Exercise: Among the entries below, find the lines with the word "used" and return them.

(Dataset entries)
+++
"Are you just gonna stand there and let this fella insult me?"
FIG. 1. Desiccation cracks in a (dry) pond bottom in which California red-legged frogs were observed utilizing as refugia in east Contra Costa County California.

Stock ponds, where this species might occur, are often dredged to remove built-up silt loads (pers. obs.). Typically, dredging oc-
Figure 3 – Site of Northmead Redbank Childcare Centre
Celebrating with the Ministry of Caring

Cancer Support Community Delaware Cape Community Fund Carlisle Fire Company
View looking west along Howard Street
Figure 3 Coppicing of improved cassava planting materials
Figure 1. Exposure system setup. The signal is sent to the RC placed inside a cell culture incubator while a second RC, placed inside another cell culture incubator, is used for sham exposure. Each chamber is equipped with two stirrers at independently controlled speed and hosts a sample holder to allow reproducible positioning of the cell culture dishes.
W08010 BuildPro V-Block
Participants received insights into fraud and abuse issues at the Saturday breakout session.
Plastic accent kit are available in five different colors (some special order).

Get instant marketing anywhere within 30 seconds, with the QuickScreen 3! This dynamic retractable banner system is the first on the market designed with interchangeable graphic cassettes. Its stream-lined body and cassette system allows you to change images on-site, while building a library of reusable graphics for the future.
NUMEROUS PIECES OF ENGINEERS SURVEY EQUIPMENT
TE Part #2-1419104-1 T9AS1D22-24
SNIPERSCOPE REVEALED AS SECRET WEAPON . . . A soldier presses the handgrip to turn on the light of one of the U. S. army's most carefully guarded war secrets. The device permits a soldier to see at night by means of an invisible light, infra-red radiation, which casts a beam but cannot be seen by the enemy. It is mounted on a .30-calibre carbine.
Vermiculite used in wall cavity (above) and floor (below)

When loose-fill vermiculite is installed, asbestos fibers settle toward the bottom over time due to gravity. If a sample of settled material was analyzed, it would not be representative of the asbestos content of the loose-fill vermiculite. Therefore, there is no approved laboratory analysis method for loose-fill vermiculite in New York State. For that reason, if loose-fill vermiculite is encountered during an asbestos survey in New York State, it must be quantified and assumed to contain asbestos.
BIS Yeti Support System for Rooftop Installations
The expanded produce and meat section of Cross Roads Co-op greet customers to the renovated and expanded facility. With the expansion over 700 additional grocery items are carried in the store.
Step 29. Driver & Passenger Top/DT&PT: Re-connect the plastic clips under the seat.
+++
Solution for this exercise:
Figure 1. Exposure system setup. The signal is sent to the RC placed inside a cell culture incubator while a second RC, placed inside another cell culture incubator, is used for sham exposure. Each chamber is equipped with two stirrers at independently controlled speed and hosts a sample holder to allow reproducible positioning of the cell culture dishes.
Vermiculite used in wall cavity (above) and floor (below)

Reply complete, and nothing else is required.